**Provided data:**
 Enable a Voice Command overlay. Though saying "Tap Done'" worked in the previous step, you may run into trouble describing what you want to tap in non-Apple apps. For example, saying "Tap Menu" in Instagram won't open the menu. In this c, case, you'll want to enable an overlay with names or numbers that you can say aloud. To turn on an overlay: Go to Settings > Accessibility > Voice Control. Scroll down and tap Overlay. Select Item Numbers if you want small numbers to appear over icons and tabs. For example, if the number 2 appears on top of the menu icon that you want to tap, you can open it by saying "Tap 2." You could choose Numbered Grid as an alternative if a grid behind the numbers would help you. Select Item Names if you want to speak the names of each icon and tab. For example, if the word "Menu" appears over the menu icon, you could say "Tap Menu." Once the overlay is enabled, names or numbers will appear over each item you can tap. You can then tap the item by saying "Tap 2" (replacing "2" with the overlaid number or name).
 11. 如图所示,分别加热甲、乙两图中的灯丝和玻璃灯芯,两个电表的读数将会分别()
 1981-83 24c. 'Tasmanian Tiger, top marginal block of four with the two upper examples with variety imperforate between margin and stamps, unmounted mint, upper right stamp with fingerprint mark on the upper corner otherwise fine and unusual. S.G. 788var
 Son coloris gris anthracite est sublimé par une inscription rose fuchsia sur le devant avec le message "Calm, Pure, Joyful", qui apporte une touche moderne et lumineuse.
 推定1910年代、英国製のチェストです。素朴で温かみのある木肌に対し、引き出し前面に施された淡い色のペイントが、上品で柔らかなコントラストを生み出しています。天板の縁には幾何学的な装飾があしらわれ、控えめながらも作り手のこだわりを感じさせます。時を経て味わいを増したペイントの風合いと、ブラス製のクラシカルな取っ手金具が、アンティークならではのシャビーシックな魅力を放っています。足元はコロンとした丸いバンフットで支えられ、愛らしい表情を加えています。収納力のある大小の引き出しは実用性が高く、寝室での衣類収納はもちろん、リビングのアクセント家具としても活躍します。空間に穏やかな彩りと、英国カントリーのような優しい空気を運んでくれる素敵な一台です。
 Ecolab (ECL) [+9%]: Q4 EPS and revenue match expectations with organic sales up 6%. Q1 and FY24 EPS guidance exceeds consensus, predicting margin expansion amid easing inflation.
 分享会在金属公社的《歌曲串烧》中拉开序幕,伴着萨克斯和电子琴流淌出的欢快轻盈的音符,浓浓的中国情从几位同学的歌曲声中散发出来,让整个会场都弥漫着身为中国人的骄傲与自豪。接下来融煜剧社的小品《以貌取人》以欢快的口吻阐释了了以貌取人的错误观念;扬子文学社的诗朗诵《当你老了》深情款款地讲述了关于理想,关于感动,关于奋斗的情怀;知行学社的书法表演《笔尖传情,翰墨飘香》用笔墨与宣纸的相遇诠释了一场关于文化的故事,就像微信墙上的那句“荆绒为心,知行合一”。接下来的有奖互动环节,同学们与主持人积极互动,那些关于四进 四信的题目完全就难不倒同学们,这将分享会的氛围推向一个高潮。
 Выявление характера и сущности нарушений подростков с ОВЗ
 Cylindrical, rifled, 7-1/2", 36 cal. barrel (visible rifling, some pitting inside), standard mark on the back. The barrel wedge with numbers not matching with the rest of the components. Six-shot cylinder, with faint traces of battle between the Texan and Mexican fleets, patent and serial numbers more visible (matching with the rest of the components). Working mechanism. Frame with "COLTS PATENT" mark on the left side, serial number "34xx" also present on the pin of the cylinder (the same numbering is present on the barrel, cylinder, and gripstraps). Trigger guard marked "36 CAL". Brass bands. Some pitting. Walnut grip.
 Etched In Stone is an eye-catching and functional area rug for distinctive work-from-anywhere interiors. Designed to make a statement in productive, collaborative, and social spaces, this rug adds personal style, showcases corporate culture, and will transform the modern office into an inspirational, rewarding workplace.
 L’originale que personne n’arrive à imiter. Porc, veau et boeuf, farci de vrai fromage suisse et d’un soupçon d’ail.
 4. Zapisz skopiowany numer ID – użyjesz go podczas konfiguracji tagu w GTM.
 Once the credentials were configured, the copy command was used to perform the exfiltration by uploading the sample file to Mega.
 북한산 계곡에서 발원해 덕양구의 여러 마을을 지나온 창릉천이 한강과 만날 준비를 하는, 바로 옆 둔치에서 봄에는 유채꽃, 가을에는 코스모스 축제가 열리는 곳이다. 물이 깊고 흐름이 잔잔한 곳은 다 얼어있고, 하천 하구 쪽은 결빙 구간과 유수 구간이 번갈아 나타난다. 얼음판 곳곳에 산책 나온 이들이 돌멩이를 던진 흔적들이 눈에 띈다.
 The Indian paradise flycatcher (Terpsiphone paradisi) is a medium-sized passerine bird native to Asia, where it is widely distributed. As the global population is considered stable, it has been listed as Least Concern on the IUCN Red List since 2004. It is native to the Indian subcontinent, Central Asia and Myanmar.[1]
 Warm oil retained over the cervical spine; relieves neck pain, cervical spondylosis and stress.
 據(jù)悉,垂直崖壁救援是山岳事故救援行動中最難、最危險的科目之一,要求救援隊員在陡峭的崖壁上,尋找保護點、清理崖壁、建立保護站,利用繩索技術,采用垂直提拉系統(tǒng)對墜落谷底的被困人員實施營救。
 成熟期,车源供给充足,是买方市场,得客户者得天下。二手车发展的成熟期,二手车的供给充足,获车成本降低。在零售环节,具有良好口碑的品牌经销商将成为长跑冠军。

**The problem:**
Print the line that contains "Warm oil retained", then every later line of the entries above up to and including the last, all exactly as written.

**Output:**
 Warm oil retained over the cervical spine; relieves neck pain, cervical spondylosis and stress.
 據(jù)悉,垂直崖壁救援是山岳事故救援行動中最難、最危險的科目之一,要求救援隊員在陡峭的崖壁上,尋找保護點、清理崖壁、建立保護站,利用繩索技術,采用垂直提拉系統(tǒng)對墜落谷底的被困人員實施營救。
 成熟期,车源供给充足,是买方市场,得客户者得天下。二手车发展的成熟期,二手车的供给充足,获车成本降低。在零售环节,具有良好口碑的品牌经销商将成为长跑冠军。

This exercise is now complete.